All we need is... Love
With today being World Kindness Day, I couldn't very well not write a few words about one of the most important acts of kindness that is within our gift to bestow on others: love. At a time of continued turbulence and significant social divide, arguably we need to double down on love more than ever. The fact is that, as human beings, we need love to thrive. Without it, we merely survive or, worse, struggle significantly. Problems seem so much lighter and hurdles easier to surmount, when we are surrounded by people who care.
I think we have all felt the impact that the various restrictions by local governments have had on our ability to love and feel loved. The physical distance means we haven't been able to hug our friends and family members as much as we might like, often for many months on end. The physical and psychological toll should not be underestimated. Social isolation and feelings of loneliness can have serious mental health implications, caused by the psychological stress that loneliness creates. However, just because we are physically isolated does not mean that we remain socially isolated. The advent of technology has provided us with a rare gift to be able to check-in with one another, no matter where we are in the world.
A couple of weeks ago, the UK's Prime Minister announced a further four-week lockdown, whereby non essential shops would close and social mixing between households would again be prohibited. That announcement occurred just over one week before my wife was due to celebrate a major birthday milestone. I had originally anticipated taking her to one of her favourite restaurants and arranging to meet up with her friends, in line with the lesser restrictions that had been in place. Suddenly, none of that was possible.
Not one to be easily deterred, I went about contacting as many of her family and friends as I could, to record video messages for her. The idea being, that I would surprise her on her birthday with an outpouring of love from those who couldn't be there in person to celebrate with her.
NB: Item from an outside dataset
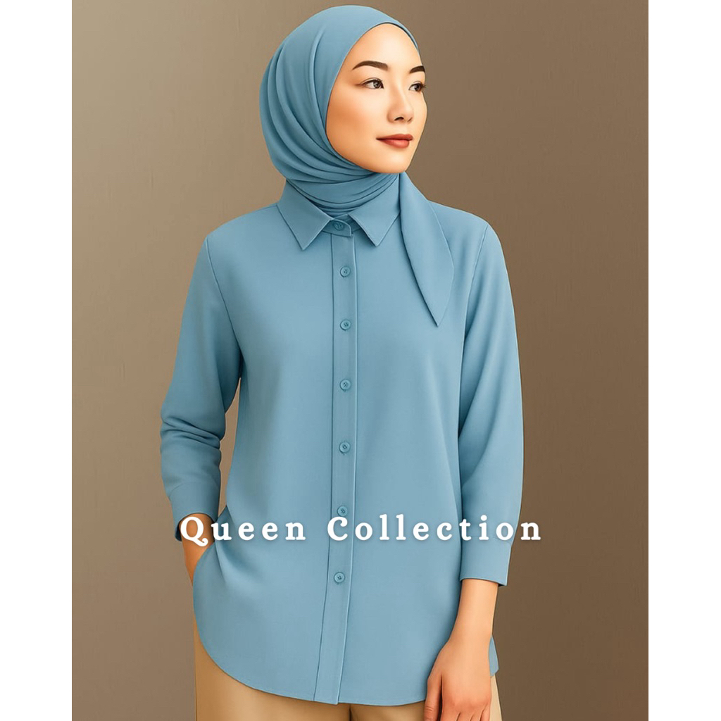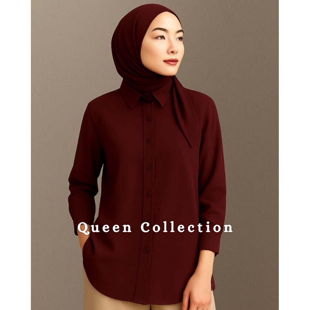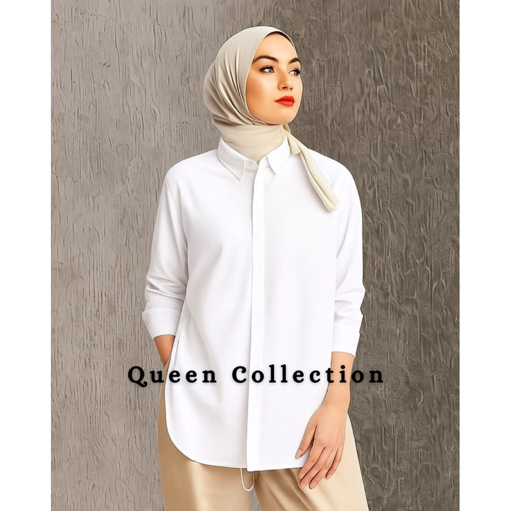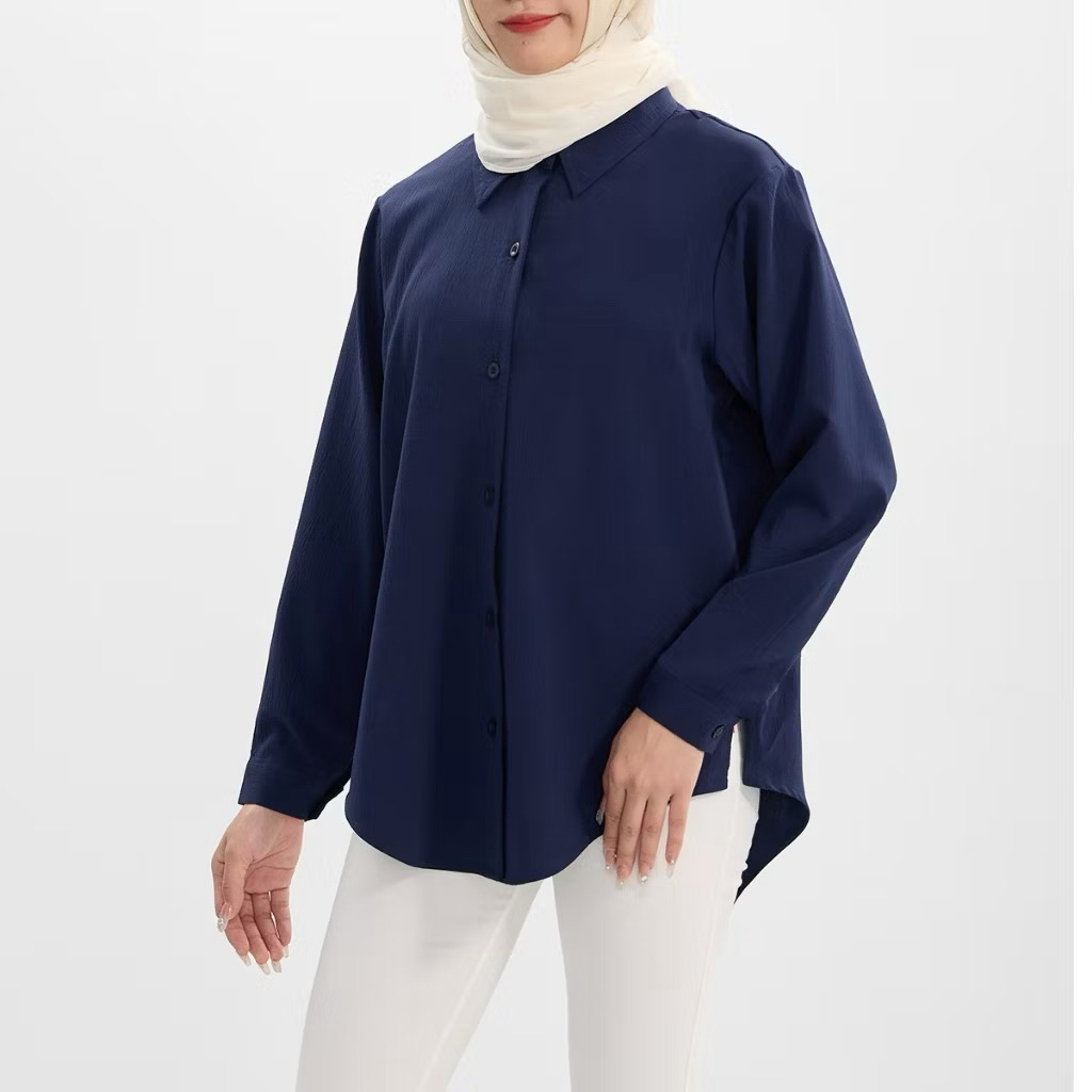 Muslim Baju kemeja perempuan kain Cotton Long sleeve S sampai 4XL.Slimfit

The video compilation took on a life of its own and, with my creative juices flowing, the final cut was more than 30 minutes long, complete with a tear jerking soundtrack, as well as many happy memories. I incorporated messages from people around the whole world, from Canada and the US to Australia and Hong Kong.
The best bit was that I had managed to keep the whole thing a secret until the moment my wife started watching it - she was blown away. She explained afterwards that it had felt as if everyone had literally been there showering her with love. It was one of the best birthdays she had ever experienced and not one she was likely to forget in a hurry. While it may have taken me the best part of 20 hours to compile all the messages together, chase some of the stragglers, and edit it all together, it enabled me to forge closer bonds with her friends and family in the process. Plus she then had the pleasure of messaging everyone to say thank you for their beautiful messages, spreading love even further.
While there remain lots of hurdles to us being physically connected, we shouldn't let that stop us from staying socially connected. Our ability to offer kindness and forge connections are everywhere. Offering up a smile (rather than a scowl) when someone accidentally walks into us, can create a positive ripple that has the potential to touch many more people. Our emotions are contagious. Would it not be better to spread a stress reducing smile than an anger inducing scowl, knowing that you will positively affect their day and the days of those people that they later interact with. Similarly, it will leave you feeling good. We know that acts of kindness have a hugely positive effect on the giver, reducing stress and promoting positive mental health and wellbeing.
If you're looking to bolster those warm fuzzy feelings inside of you or perhaps looking for some inspiration as to what you can do to spread more love this winter, why not check-out John Lewis' latest Christmas advert. Invariably, the research is clear, if we wish to be happy and fulfilled: all we need is love.